Instructions for the task: Print nothing but the lines below starting at the line that holds "2PCS 40L Underbed" and ending at the line that holds "Header: Generiert mit", including both, each exactly as written.

Source data:
———

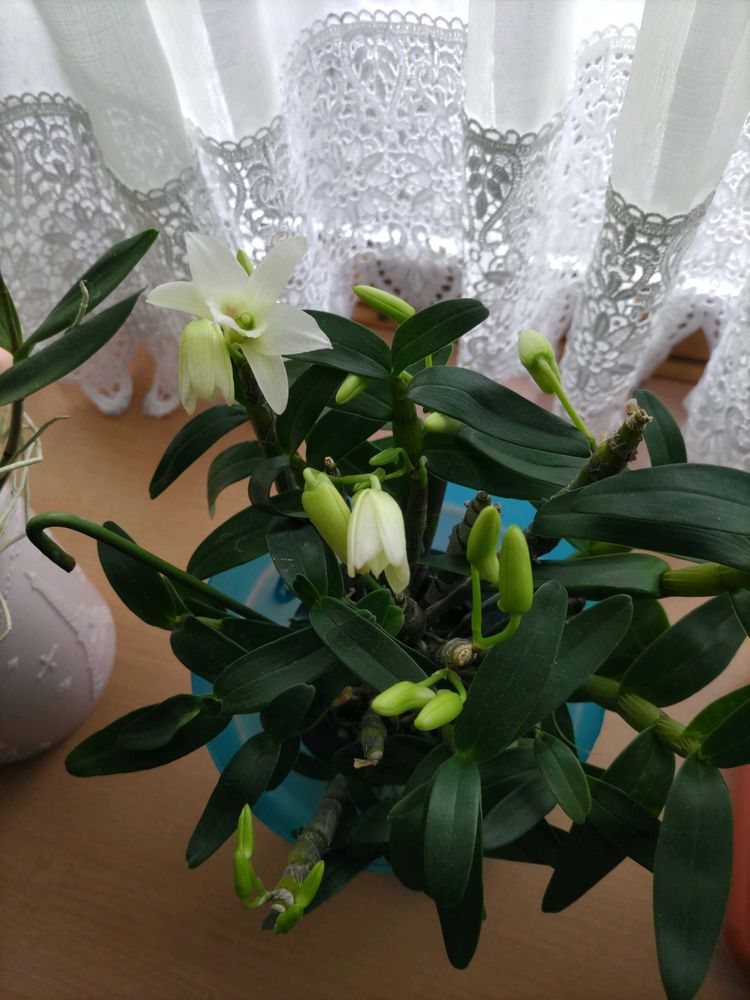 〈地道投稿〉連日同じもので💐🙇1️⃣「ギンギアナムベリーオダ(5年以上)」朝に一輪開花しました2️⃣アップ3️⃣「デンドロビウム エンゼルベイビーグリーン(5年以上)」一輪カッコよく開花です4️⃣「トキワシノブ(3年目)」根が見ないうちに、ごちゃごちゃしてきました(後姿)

———

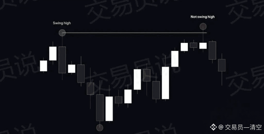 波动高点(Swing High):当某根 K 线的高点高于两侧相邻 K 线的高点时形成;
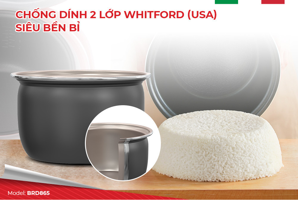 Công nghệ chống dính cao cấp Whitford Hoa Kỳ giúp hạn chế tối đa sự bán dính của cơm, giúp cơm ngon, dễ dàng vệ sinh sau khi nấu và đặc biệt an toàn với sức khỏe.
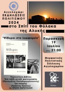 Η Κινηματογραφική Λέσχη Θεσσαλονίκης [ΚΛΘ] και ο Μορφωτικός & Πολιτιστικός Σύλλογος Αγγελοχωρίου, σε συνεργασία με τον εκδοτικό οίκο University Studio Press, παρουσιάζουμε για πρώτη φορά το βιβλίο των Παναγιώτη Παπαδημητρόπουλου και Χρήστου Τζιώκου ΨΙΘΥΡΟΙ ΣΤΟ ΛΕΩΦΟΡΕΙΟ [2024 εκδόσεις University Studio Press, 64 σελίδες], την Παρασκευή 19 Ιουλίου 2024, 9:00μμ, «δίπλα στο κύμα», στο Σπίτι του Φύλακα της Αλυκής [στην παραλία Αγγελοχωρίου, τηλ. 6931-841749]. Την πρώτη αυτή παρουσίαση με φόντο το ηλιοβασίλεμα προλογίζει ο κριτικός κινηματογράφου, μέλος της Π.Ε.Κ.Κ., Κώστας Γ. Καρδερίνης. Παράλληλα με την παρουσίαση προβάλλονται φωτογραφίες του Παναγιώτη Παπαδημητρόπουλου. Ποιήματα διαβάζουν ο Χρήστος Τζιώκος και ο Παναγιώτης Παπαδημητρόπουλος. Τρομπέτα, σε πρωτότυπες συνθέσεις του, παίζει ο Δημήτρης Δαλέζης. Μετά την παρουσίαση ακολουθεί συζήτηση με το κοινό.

———

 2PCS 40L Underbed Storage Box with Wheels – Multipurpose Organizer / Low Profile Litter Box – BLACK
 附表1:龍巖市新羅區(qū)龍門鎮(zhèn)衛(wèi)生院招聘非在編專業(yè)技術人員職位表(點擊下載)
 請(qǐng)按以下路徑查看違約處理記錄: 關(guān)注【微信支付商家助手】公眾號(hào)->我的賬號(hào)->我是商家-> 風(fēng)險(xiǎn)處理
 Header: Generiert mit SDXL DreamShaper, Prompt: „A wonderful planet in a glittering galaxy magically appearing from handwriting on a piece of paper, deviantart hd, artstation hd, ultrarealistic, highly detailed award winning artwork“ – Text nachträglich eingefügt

———

Answer space:
 2PCS 40L Underbed Storage Box with Wheels – Multipurpose Organizer / Low Profile Litter Box – BLACK
 附表1:龍巖市新羅區(qū)龍門鎮(zhèn)衛(wèi)生院招聘非在編專業(yè)技術人員職位表(點擊下載)
 請(qǐng)按以下路徑查看違約處理記錄: 關(guān)注【微信支付商家助手】公眾號(hào)->我的賬號(hào)->我是商家-> 風(fēng)險(xiǎn)處理
 Header: Generiert mit SDXL DreamShaper, Prompt: „A wonderful planet in a glittering galaxy magically appearing from handwriting on a piece of paper, deviantart hd, artstation hd, ultrarealistic, highly detailed award winning artwork“ – Text nachträglich eingefügt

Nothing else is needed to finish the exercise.